§ **Given data**

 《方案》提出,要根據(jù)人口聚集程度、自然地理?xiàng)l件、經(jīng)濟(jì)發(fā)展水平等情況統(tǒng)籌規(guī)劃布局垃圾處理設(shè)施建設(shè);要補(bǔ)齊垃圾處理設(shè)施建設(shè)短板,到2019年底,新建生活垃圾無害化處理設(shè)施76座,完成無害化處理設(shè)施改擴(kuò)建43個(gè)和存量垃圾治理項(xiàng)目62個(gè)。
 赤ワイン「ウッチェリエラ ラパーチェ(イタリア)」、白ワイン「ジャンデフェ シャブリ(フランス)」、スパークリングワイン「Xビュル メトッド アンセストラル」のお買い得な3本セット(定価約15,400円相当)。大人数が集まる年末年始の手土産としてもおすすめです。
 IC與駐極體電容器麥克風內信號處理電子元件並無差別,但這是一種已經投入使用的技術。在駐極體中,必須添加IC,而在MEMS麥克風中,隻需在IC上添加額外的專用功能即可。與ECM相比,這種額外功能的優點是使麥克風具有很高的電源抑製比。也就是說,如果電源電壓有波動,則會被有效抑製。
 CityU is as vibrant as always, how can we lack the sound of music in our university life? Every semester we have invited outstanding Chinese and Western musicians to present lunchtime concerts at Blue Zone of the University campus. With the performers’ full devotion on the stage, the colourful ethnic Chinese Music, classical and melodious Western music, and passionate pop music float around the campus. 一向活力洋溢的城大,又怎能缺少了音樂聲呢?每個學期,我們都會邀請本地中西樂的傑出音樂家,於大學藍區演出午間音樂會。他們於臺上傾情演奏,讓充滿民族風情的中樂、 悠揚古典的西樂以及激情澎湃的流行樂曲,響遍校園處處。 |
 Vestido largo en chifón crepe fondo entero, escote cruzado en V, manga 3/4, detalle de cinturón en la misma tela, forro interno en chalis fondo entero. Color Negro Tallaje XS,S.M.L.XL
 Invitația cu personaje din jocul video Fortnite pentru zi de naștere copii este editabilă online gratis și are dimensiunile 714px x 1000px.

§ **Exercise**
Taking the line that contains "Vestido largo en" as the first and the last line of the material as the final one, transcribe that span exactly and include nothing else.

§ **Solution to this exercise**
 Vestido largo en chifón crepe fondo entero, escote cruzado en V, manga 3/4, detalle de cinturón en la misma tela, forro interno en chalis fondo entero. Color Negro Tallaje XS,S.M.L.XL
 Invitația cu personaje din jocul video Fortnite pentru zi de naștere copii este editabilă online gratis și are dimensiunile 714px x 1000px.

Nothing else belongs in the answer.